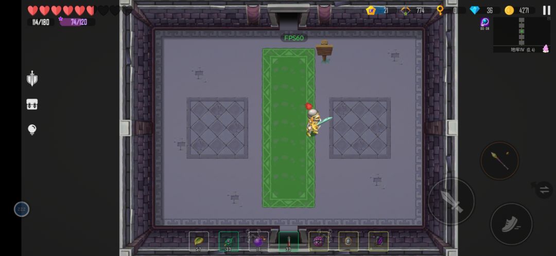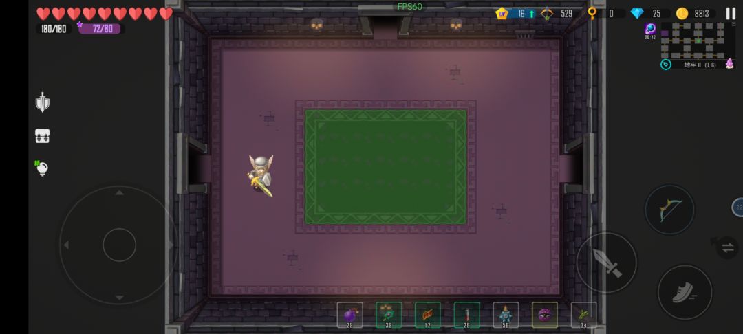 地牢二中0,6位置紫闪石闪烁极限,在绿地毯左下位置用魔眼出一个魔金块
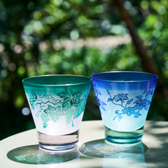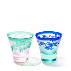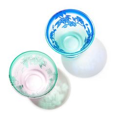 ぶどう紋・鉄線紋 高台オールドグラスペア ピンク/グリーン・グリーン/ブルー
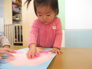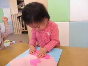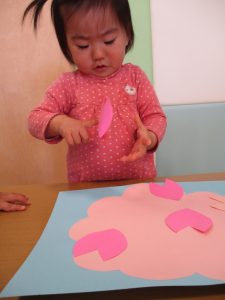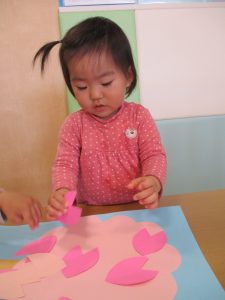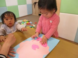ペタペタと桜の花びらを貼ったり、クーピーを使ってお絵描きも楽しんでおります。
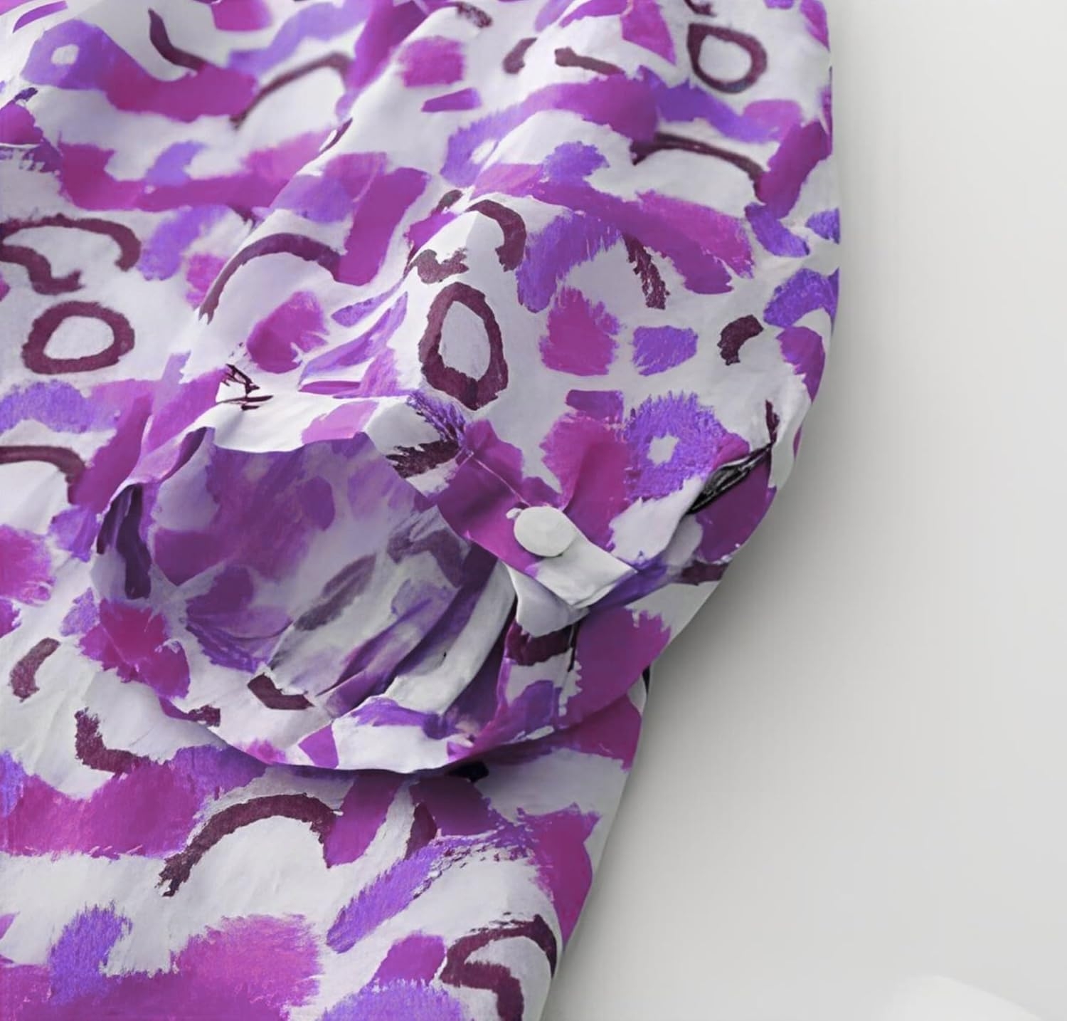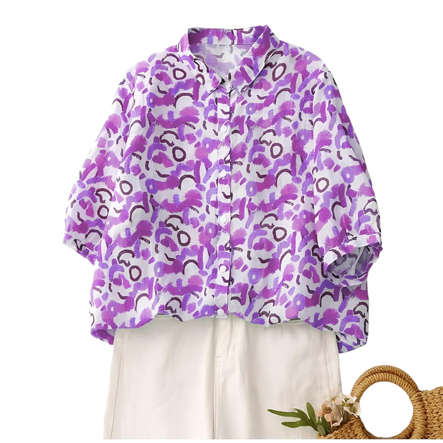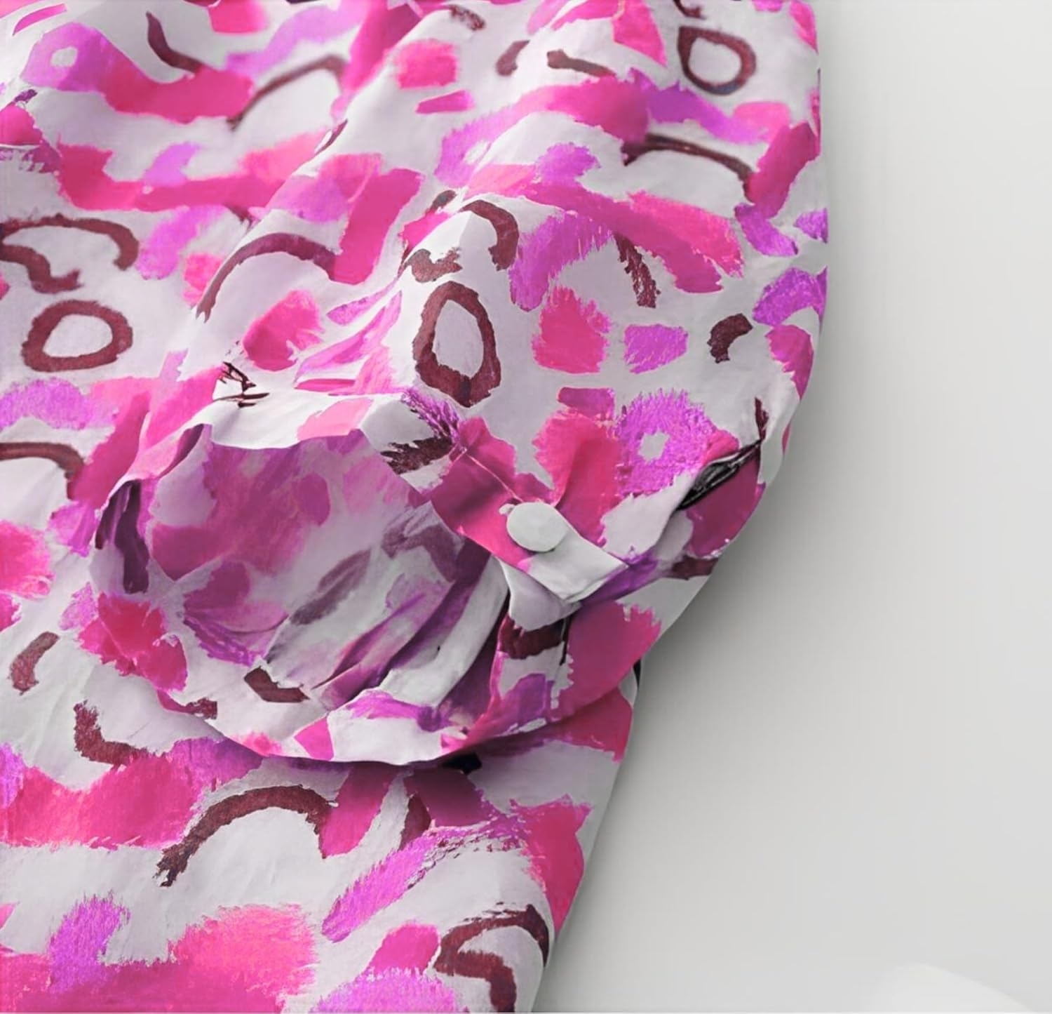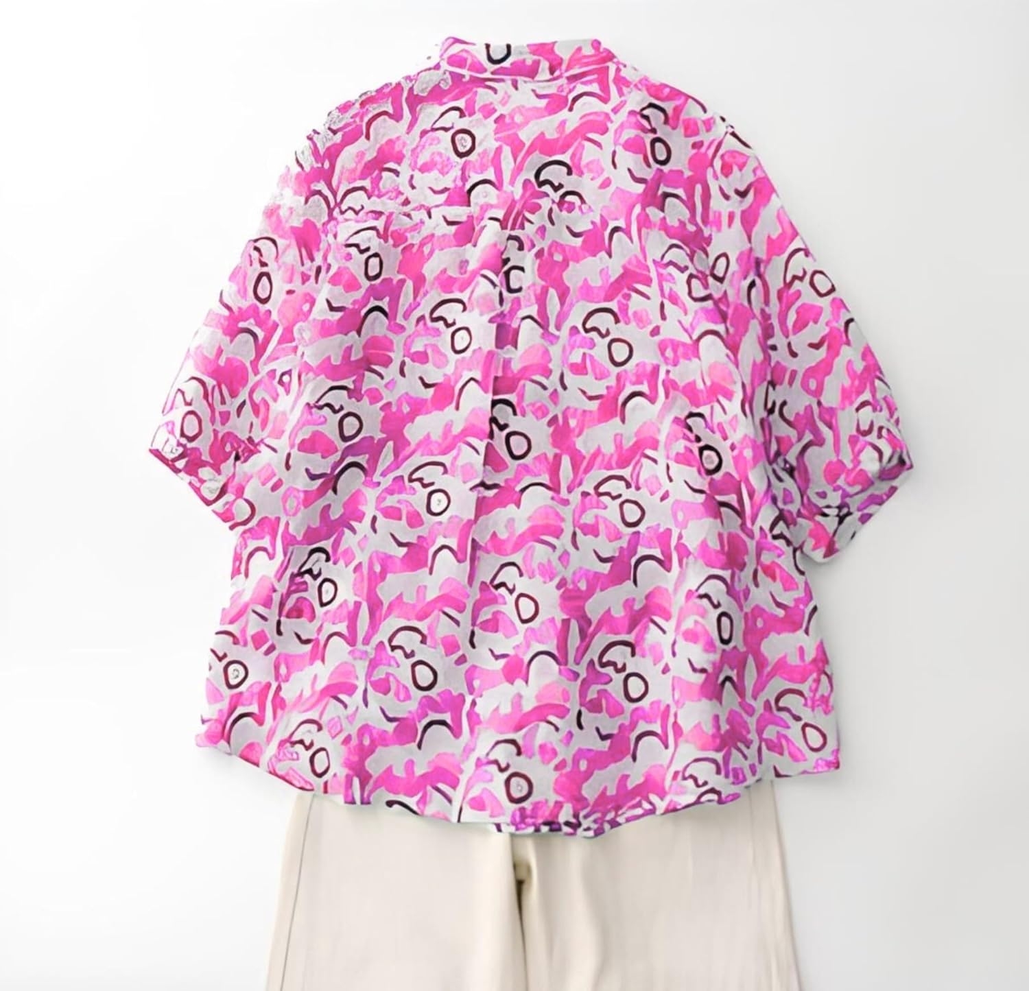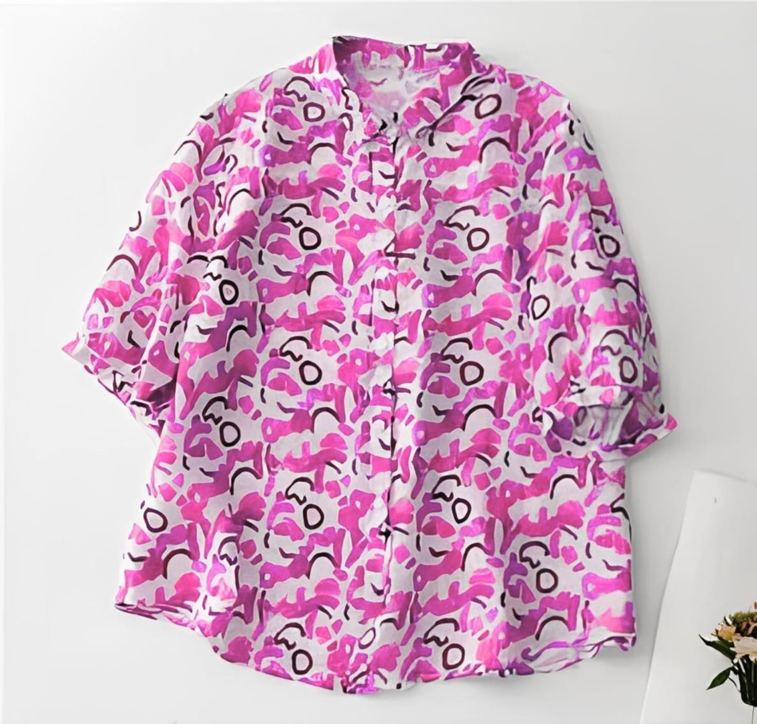 Women’s button-down printed shirt collection in pink, purple, and sea green – bold casual wear.

*Exercise*:
Find the line that contains "ペタペタと桜の花びらを貼ったり、クーピーを使ってお絵描きも楽しんでおります。". Copy it and every line after it through the end of the listing exactly, but not the pictures.

*Your solution*:
ペタペタと桜の花びらを貼ったり、クーピーを使ってお絵描きも楽しんでおります。
 Women’s button-down printed shirt collection in pink, purple, and sea green – bold casual wear.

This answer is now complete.